● **PROBLEM STATEMENT**: When you copy the material below, keep every line exact and omit the pictures.

══ SUPPLIED DATA ══

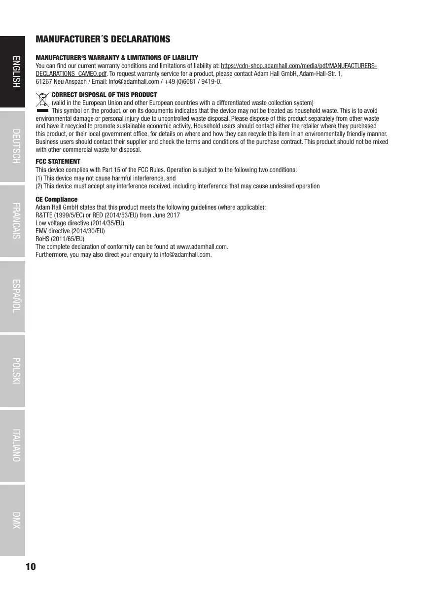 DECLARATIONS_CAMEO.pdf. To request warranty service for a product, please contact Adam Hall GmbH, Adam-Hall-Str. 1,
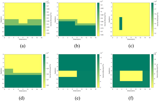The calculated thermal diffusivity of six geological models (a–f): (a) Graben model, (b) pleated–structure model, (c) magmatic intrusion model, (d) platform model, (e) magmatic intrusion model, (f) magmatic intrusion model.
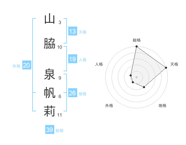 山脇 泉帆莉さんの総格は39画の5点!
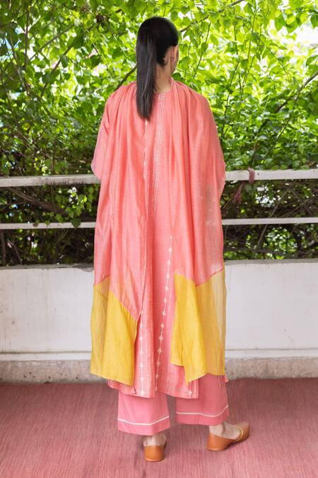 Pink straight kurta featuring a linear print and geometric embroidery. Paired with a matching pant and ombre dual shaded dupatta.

═══

● **RESULT FOR THIS EXERCISE**:
 DECLARATIONS_CAMEO.pdf. To request warranty service for a product, please contact Adam Hall GmbH, Adam-Hall-Str. 1,
The calculated thermal diffusivity of six geological models (a–f): (a) Graben model, (b) pleated–structure model, (c) magmatic intrusion model, (d) platform model, (e) magmatic intrusion model, (f) magmatic intrusion model.
 山脇 泉帆莉さんの総格は39画の5点!
 Pink straight kurta featuring a linear print and geometric embroidery. Paired with a matching pant and ombre dual shaded dupatta.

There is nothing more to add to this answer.